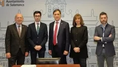 El alcalde de Salamanca, Carlos García Carbayo, acompañado por los tenientes de alcalde del Gobierno Municipal del Partido Popular, ha mantenido un encuentro con el Grupo Socialista, continuando con la ronda de contactos con los grupos de la oposición representados en el Ayuntamiento.
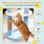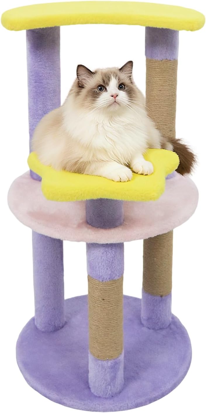 Our 29"/74 cm vibrant cat tree is designed with imaginative moon and star shapes, paired with a unique blend of bright colors, making it a delightful addition not just for your pet, but also as a decorative accent for your home. Multiple sturdy layers offer your cat plenty of options for climbing, lounging, and exploring - perfect for energetic kittens and adult cats alike. Crafted with reliable jute scratching posts, this cat tree helps protect your furniture while promoting healthy, happy nails. For added peace of mind, the anti-toppling device keeps the tree safely anchored, so your cat can play and jump to their heart's content. Easy to assemble and built for lasting enjoyment, this cat tree brings both beauty and function to any cat-loving household.
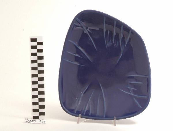 Vassoio di forma trapezoidale con angoli stondati; fondo blu cobalto uniforme.
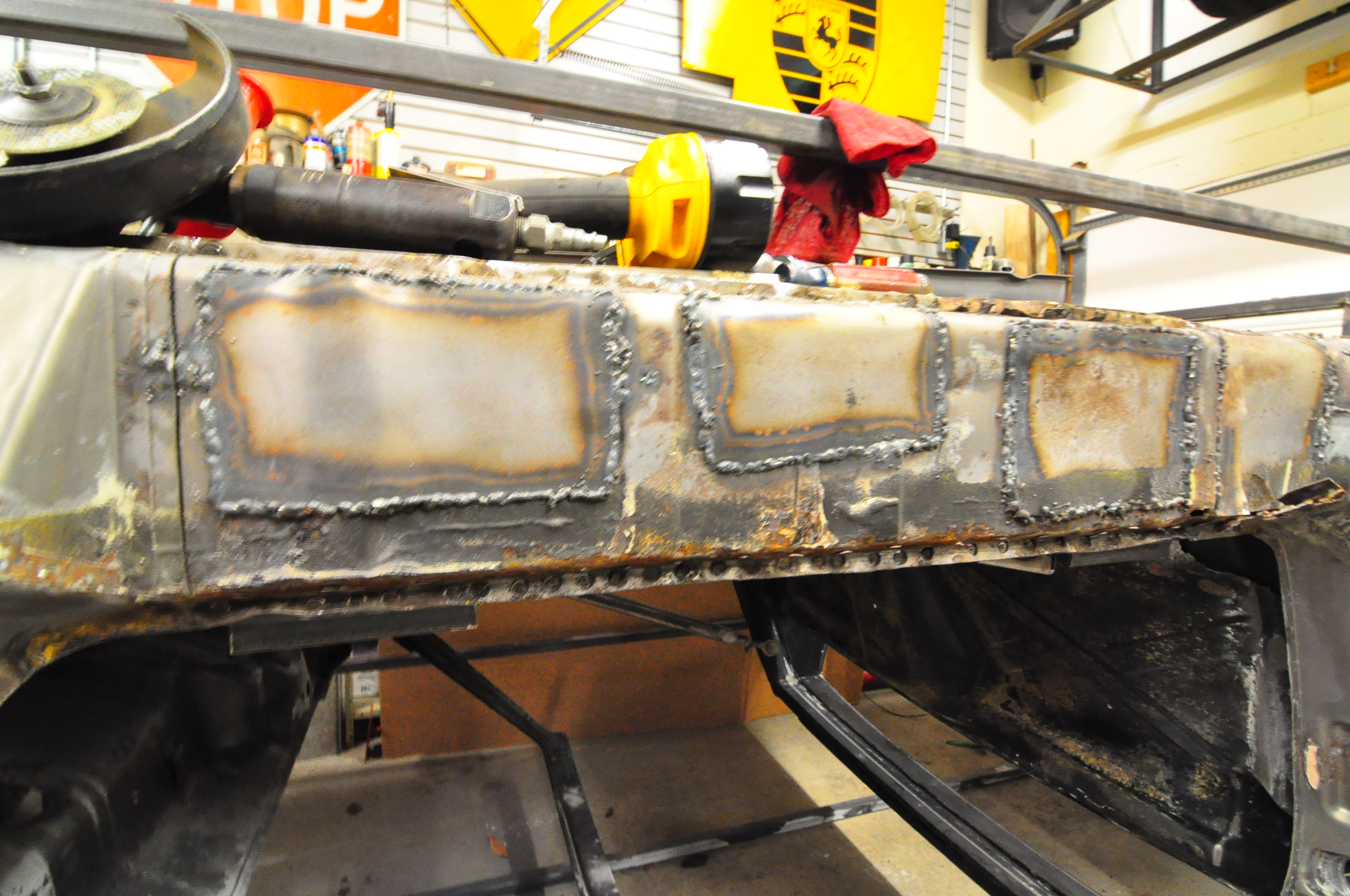All in all the soda blasting revealed that there are more areas to be addressed than I had hoped. Luckily, it’s only metal. Fortunately, Christmas came early in the form of this amazing tool. What is this tool called? Eastwood Pneumatic Rotary Removal Tool Rotary tool It's not cheap (it was just on sale for $250 I think), but it pays for itself given how well it works. It's a huge timesaver. |
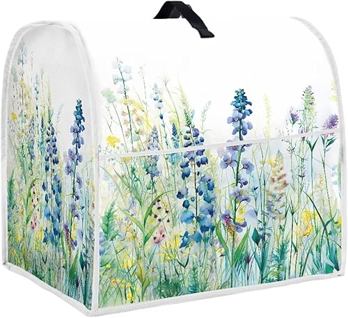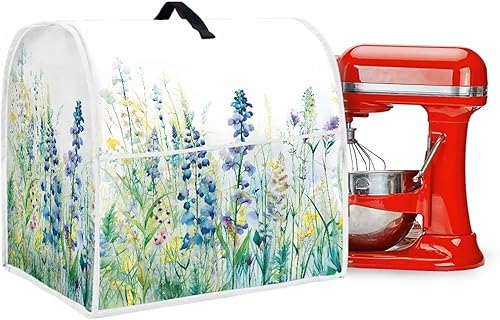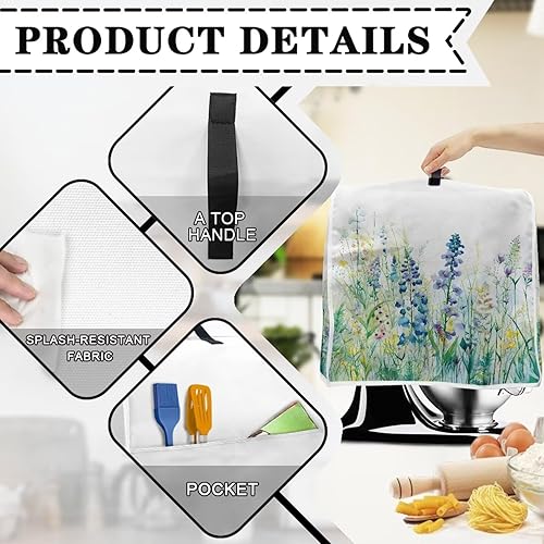 HUISEFOR Housse de protection anti-poussière pour robot culinaire de 4,5 à 5 litres - Motif floral bleu - Avec poches pour ustensiles de cuisine et recettes
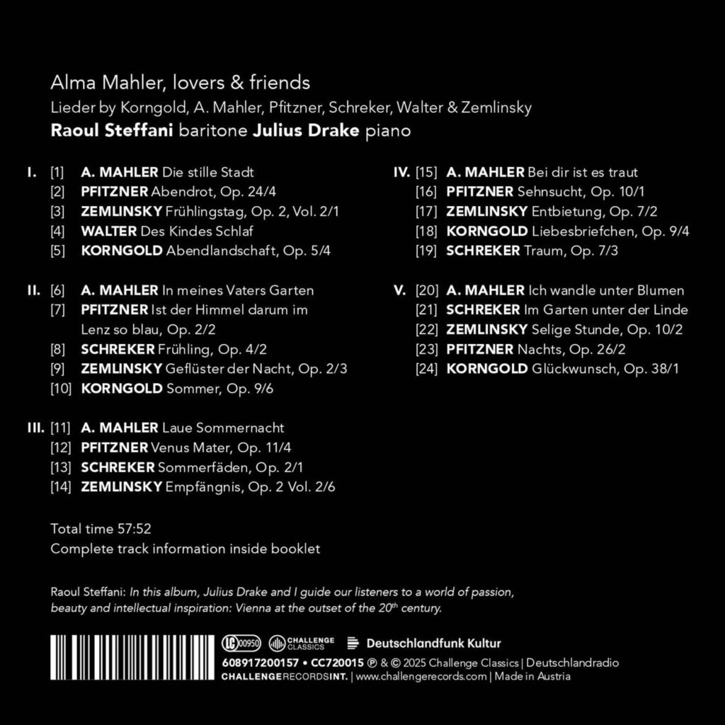 In dit album nemen Alma Mahler, geliefden en vrienden, Julius Drake en ik onze luisteraars mee naar een wereld van passie, schoonheid en intellectuele inspiratie: Wenen aan het begin van de 20e eeuw. Een tijdperk van grote welvaart en ongekende artistieke bloei, waarin muziek, literatuur en beeldende kunst op een unieke manier samensmolten. In deze bruisende culturele omgeving was Alma Mahler een muze en een jonge componist in het centrum van een aantal invloedrijke bewegingen. De diepgevoelde emoties, esthetische verfijning en innerlijke onrust die deze periode kenmerkten zijn terug te horen in haar eigen muziek en die van de componisten in haar omgeving, op dit album vertegenwoordigd door Erich Wolfgang Korngold, Hans Pfitzner, Franz Schreker, Bruno Walter en Alexander Zemlinsky.
++++++++++++++++++++
# Directions
Exactly the lines above, from the one containing "Vassoio di forma" down to the one containing "HUISEFOR Housse de", are to be repeated, including both ends. Pictures are not part of the copy.

# Final answer
 Vassoio di forma trapezoidale con angoli stondati; fondo blu cobalto uniforme.
All in all the soda blasting revealed that there are more areas to be addressed than I had hoped. Luckily, it’s only metal. Fortunately, Christmas came early in the form of this amazing tool. What is this tool called? Eastwood Pneumatic Rotary Removal Tool Rotary tool It's not cheap (it was just on sale for $250 I think), but it pays for itself given how well it works. It's a huge timesaver. |
 HUISEFOR Housse de protection anti-poussière pour robot culinaire de 4,5 à 5 litres - Motif floral bleu - Avec poches pour ustensiles de cuisine et recettes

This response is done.